On Sat, Mar 22, 2025 at 10:42 AM Nathan Bossart
<nathandbossart(at)gmail(dot)com> wrote:

> * 0002 introduces the Neon implementation, which conveniently doesn't need
> configure-time checks or function pointers. I noticed that some
> compilers (e.g., Apple clang 16) compile in Neon instructions already,
> but our hand-rolled implementation is better about instruction-level
> parallelism and seems to still be quite a bit faster.

+pg_popcount64(uint64 word)
+{
+ return vaddv_u8(vcnt_u8(vld1_u8((const uint8 *) &word)));
+}

This confused me until I found that this is what
__builtin_popcountl(word) would emit anyway. Worth a comment?

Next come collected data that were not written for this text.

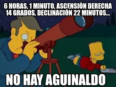 Make your own "6 HORAS, 1 MINUTO, ASCENSIÓN DERECHA 14 GRADOS, DECLINACIÓN 22 MINUTOS... No h" meme with MemeCreator's free online meme generator. Add text, stickers, and drawings — then download or share. No watermark, no sign-up required.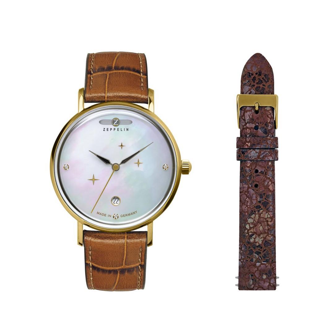 Ronda 505, średnica 36 mm, szkło mineralne K1, tarcza perłowa z trzema kryształkami Swarovskiego i trzema złotymi gwiazdami, dekiel stalowy, wysokość 10 mm, pasek skórzany, WR 5 ATM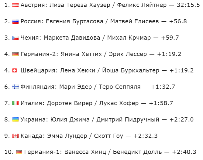 Хаузер и Ляйтнер выигрывают Рождественскую гонку, Буртасова и Елисеев завоёвывают серебро!

Some thoughts to consider, some speculative and maybe not worth
putting time into:

> I did add a 2-register block
> in the Neon implementation for processing the tail because I was worried
> about its performance on smaller buffers, but that part might get removed
> if I can't measure any difference.

Even if we can measure a difference on fixed-sized inputs, that might
not carry over when the branch is unpredictable.

+ /*
+ * Process remaining 8-byte blocks.
+ */
+ for (; bytes >= sizeof(uint64); bytes -= sizeof(uint64))
+ {
+ popcnt += pg_popcount64(*((uint64 *) buf));
+ buf += sizeof(uint64);
+ }

This uses 16-byte registers, but only loads 8-bytes at a time (with
accumulation work), then a bytewise tail up to 7 bytes. Alternatively,
you could instead do a loop over a single local accumulator, which I
think could have a short accumulation pipeline since 3 iterations
can't overflow 8-bit lanes. But then the bytewise tail could be up to
15 bytes.

> * 0003 introduces the SVE implementation. You'll notice I've moved all the
> function pointer gymnastics into the pg_popcount_aarch64.c file, which is
> where the Neon implementations live, too. I also tried to clean up the
> configure checks a bit. I imagine it's possible to make them more
> compact, but I felt that the enhanced readability was worth it.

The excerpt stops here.